-- STORED DATA follows --

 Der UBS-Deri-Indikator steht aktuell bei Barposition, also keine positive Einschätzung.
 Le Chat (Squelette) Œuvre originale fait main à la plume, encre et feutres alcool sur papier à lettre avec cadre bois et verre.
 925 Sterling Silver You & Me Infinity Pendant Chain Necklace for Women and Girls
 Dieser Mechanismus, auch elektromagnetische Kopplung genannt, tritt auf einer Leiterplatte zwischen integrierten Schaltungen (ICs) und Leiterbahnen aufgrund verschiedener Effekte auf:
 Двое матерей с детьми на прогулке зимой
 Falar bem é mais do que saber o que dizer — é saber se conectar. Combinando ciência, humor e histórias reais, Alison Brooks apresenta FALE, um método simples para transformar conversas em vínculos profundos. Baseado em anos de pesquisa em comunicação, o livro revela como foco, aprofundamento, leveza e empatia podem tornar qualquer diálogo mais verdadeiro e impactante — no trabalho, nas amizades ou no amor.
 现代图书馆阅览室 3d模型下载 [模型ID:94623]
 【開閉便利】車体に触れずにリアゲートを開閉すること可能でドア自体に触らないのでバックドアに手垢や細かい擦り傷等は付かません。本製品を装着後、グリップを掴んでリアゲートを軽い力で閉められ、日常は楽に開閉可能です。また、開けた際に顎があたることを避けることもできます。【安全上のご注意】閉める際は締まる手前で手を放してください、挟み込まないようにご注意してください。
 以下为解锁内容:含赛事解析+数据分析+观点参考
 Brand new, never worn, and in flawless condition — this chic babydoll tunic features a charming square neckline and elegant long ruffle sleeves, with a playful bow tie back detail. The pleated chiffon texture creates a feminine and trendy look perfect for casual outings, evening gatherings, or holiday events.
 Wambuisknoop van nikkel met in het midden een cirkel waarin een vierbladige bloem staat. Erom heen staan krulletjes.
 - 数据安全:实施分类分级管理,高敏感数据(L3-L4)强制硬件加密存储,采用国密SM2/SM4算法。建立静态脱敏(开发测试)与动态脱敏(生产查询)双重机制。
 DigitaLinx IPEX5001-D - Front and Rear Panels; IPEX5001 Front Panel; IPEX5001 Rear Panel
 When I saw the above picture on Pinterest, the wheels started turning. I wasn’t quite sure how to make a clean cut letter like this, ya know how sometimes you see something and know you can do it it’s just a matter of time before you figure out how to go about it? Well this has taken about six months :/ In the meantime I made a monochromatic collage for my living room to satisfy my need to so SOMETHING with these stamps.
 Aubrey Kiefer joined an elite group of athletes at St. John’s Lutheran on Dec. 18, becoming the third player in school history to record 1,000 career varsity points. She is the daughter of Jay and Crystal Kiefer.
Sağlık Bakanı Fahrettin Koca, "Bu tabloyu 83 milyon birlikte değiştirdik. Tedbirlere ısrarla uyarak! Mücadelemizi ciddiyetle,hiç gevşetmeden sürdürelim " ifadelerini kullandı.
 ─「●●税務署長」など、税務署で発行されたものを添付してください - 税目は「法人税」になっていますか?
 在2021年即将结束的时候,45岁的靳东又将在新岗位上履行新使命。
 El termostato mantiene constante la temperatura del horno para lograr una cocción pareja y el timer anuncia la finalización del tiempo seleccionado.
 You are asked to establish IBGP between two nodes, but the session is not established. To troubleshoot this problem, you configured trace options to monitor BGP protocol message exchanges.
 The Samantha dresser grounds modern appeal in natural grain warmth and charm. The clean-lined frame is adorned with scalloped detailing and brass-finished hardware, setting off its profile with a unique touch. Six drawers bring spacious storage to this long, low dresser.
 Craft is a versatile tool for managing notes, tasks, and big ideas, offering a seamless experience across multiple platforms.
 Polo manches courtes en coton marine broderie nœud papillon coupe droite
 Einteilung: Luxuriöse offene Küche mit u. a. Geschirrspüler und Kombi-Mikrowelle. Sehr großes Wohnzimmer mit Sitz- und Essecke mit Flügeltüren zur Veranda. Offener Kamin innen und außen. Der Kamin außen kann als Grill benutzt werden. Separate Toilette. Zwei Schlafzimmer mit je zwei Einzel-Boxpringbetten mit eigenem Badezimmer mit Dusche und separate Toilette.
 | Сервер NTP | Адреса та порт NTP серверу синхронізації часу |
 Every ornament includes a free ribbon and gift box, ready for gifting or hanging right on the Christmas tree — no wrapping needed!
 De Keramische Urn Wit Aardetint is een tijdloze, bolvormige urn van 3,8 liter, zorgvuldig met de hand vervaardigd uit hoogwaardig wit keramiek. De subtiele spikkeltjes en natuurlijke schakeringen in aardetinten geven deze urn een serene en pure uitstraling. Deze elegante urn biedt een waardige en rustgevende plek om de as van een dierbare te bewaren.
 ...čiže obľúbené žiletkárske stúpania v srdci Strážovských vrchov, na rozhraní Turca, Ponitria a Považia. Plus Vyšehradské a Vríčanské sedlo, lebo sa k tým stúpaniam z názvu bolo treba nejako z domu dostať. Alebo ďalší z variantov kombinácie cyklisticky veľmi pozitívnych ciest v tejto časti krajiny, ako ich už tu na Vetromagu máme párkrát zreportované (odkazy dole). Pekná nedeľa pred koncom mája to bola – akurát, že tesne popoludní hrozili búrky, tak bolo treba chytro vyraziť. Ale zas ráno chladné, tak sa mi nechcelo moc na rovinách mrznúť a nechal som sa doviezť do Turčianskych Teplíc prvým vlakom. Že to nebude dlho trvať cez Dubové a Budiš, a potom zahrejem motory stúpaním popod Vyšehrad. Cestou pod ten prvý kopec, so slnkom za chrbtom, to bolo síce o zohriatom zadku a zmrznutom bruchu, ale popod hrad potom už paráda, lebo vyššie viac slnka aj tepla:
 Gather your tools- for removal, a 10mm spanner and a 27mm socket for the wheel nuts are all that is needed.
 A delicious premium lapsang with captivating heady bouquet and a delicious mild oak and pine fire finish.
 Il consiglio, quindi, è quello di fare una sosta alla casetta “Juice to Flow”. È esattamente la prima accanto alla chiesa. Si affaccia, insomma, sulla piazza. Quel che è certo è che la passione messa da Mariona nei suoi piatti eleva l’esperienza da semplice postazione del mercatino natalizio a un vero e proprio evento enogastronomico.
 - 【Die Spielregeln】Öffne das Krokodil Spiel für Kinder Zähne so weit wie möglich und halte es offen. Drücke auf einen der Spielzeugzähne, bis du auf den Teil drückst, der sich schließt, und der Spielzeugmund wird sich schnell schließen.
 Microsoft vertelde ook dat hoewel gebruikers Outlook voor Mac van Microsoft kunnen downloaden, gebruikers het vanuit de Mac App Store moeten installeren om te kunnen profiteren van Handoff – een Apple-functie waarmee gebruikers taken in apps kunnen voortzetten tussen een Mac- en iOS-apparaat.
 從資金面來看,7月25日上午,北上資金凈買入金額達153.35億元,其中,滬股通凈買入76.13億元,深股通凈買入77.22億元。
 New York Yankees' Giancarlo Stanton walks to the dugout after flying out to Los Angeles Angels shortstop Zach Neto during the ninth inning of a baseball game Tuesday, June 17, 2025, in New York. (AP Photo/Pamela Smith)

-- STORED DATA concluded --

- WORK ITEM
Look through the entries above; copy each line where the string "needed" appears.

- TASK RESULT
 Every ornament includes a free ribbon and gift box, ready for gifting or hanging right on the Christmas tree — no wrapping needed!
 Gather your tools- for removal, a 10mm spanner and a 27mm socket for the wheel nuts are all that is needed.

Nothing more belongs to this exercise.